Ich stehe dort, mitten in meinem Leben... mit ausgestreckten Armen und wackeligen Beinen versuche ich das Gerüst zu stützen, welches ich die letzten Jahre aufgebaut habe.
Es muss stabil bleiben!
Die Kinder, Enkelkinder und die Familie brauchen es!
Und während ich all meine Kraft brauche um alles zu halten stehe ich mit den Zehenspitzen über dem Abgrund.
Da reicht schon ein kleiner Windstoß aus der falschen Richtung und ich gerate ins Schwanken.
Ich merke wie meine Arme schwer werden und ihre Kraft verlieren bei dem Versuch mein plötzliches Ungleichgewicht wieder ins Lot zu bringen.
Verzweiflung kommt auf ... und dabei hatte mir doch fest vorgenommen stark zu sein!
Und dann zwingt mich der Windstoß unweigerlich doch in die Knie.

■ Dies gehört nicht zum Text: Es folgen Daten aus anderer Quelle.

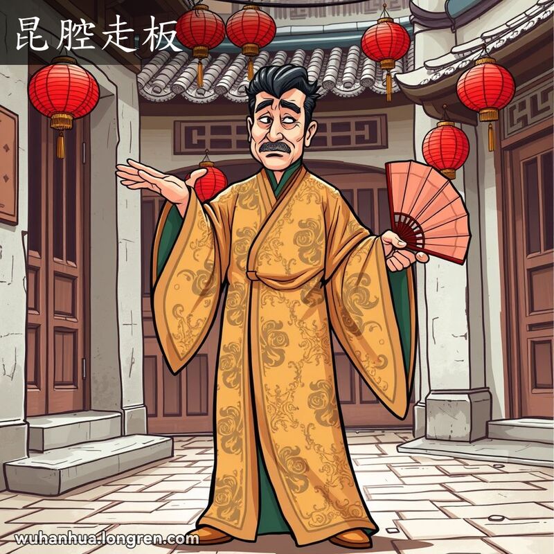 这幅插图描绘了一位身穿戏曲服装的人物,站在武汉老街上,手持折扇,做出夸张的动作和表情,体现了武汉方言“昆腔走板”(意为“拿腔拿调,装腔作势”)的语义。背景是典型的武汉老街景,有木门和红灯笼,画面风格融合了漫画和传统戏曲元素,色彩鲜艳,线条生动,极具戏剧性和夸张感。
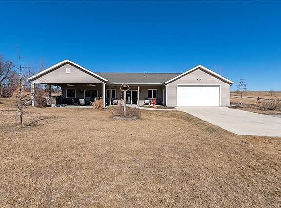 Beautiful home on 93.6 acres m/l. This 8 year old home features 2 bedrooms, 2 bathrooms, large covered patio, and a 2 car garage. The home has granite countertops, custom cabinets, and an open floor plan. Immaculate condition and ready to move in. The outbuilding has electric, concrete, a bathroom, an office, 3 car garage and covered patio. Approx 20 acres of cropland and the remainder is timber. There is a stream and a pond. Hunters Delight!! Don't wait, call today!
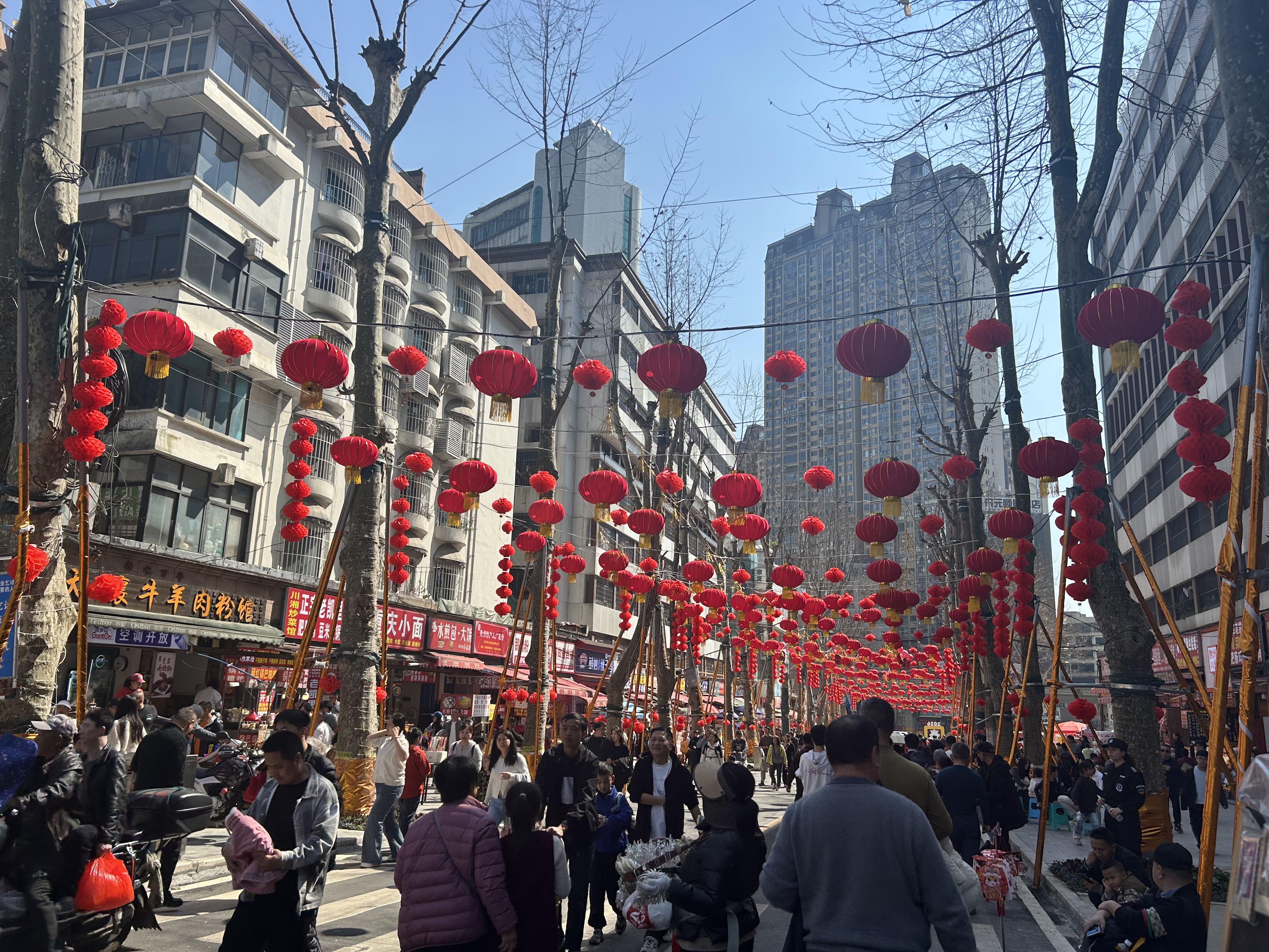贵阳网·贵阳新闻讯春节假期首日,贵阳天气晴朗,黔灵山公园附近处处洋溢着节日的氛围,吸引不少市民前来打卡,门口黔灵巷的菜市场内人头攒动,挤满了买年货的市民,年味十足。
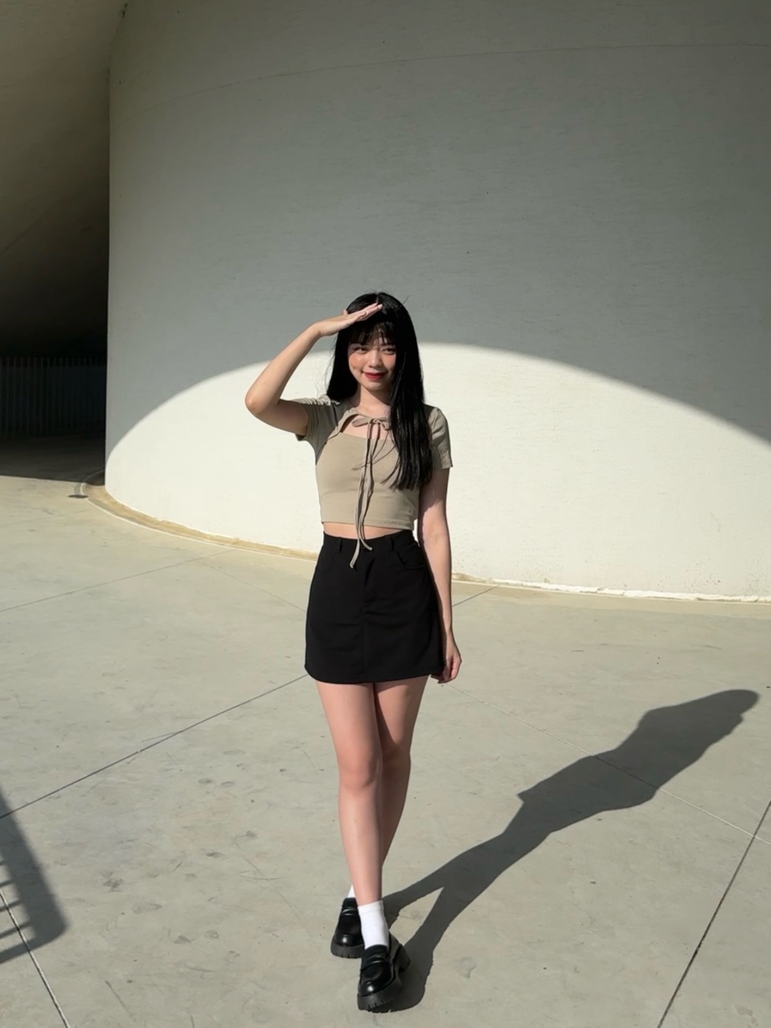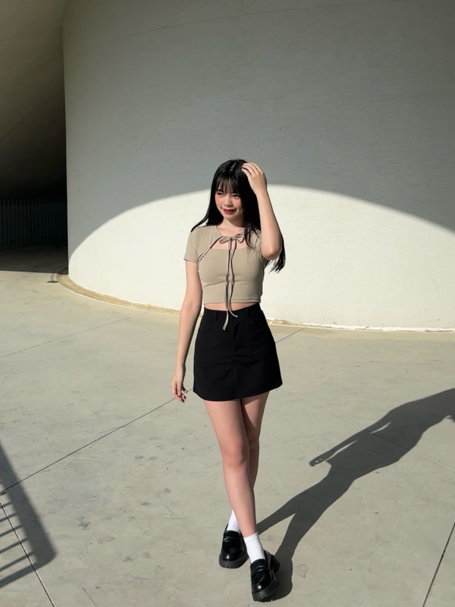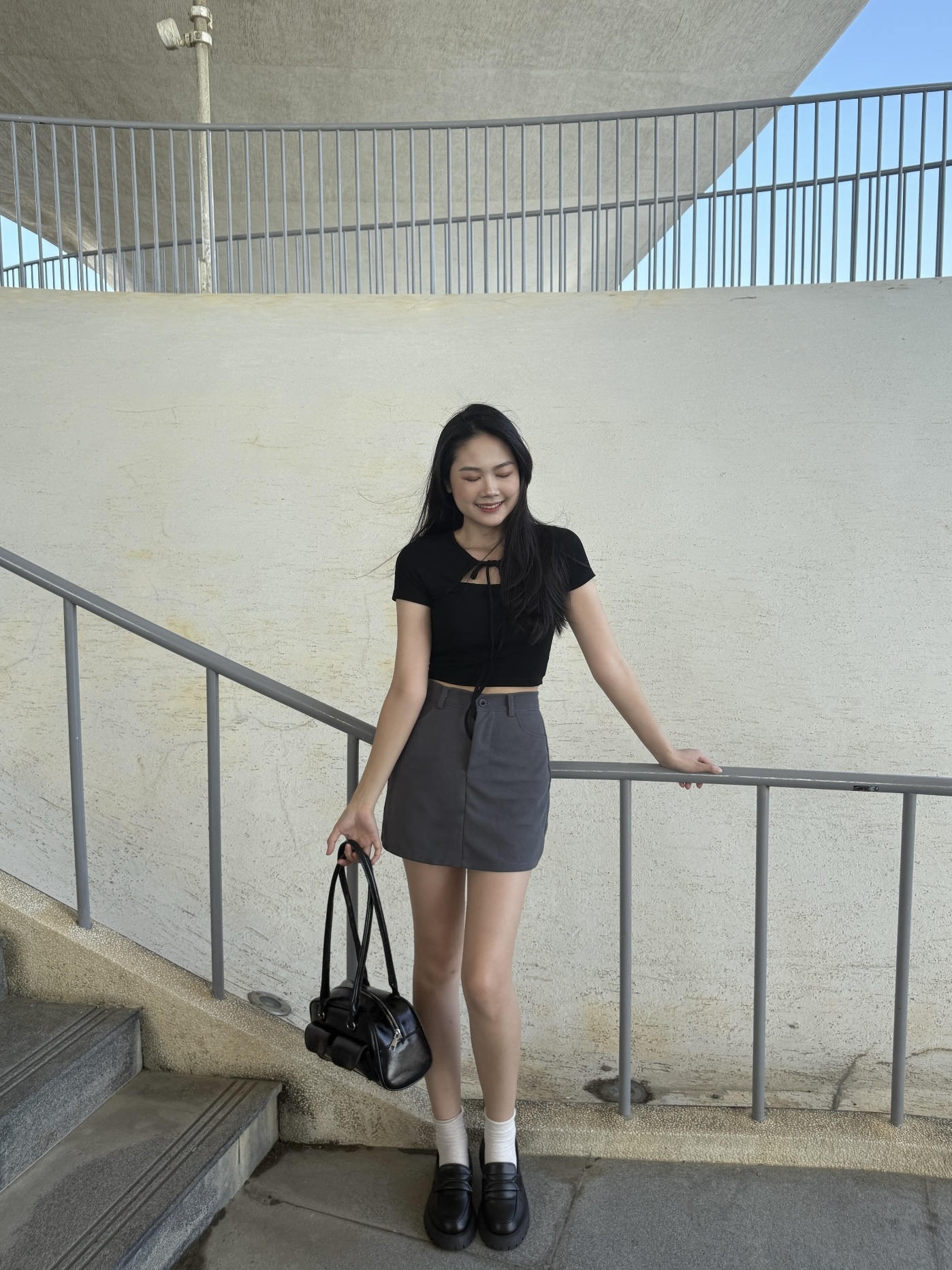 # 微甜綁帶 | 自帶bra簍空綁帶短袖

Was ich versucht habe von meinem Gerüst fern zu halten überrollt mich...
Trauer, Verzweiflung, Angst, Enttäuschung, Hoffnungslosigkeit, Ohnmacht und unbändige Wut .
Während ich knie und dieser Gefühlsachterbahn hilflos ausgeliefert bin, schaue ich in alle Richtungen.... das Gerüst hält noch....doch es bröckelt!
Es ist also noch ok, ich muss versuchen auch noch gegen diese Flut ankämpfen.
Und wenn die Flut sich über mich ergossen hat und der Druck der Wellen nachlässt, stehe ich wieder auf.
Mit wackligen Beinen und schweren Armen... zwar nicht aufrecht aber ich stehe.
Strecke die Arme aus, suche mit den Beinen festen Halt.
Und stütze wieder das Gerüst.
Es ist eben nicht immer einfach auf den Beinen zu bleiben wenn dunkle Wolken aufziehen und einen Seitenwind mit sich bringen.
Dann sind sie da..
Gedanken die mich um den Verstand bringen :
Wärest du verheiratet...
hättest du auch wie deine Geschwister, Kinder ?
Wenn ja wieviele.
Würden sie dir ähnlich sein ?
Dann sind da Tage wie diese, Weihnachten und andere Feiertage... würden wir auch alle zusammen sitzen ?
Festhalt ist jetzt nicht mehr... denn ich bin wieder abgestürzt und brauche einige Zeit um wieder aufrecht gehen zu können.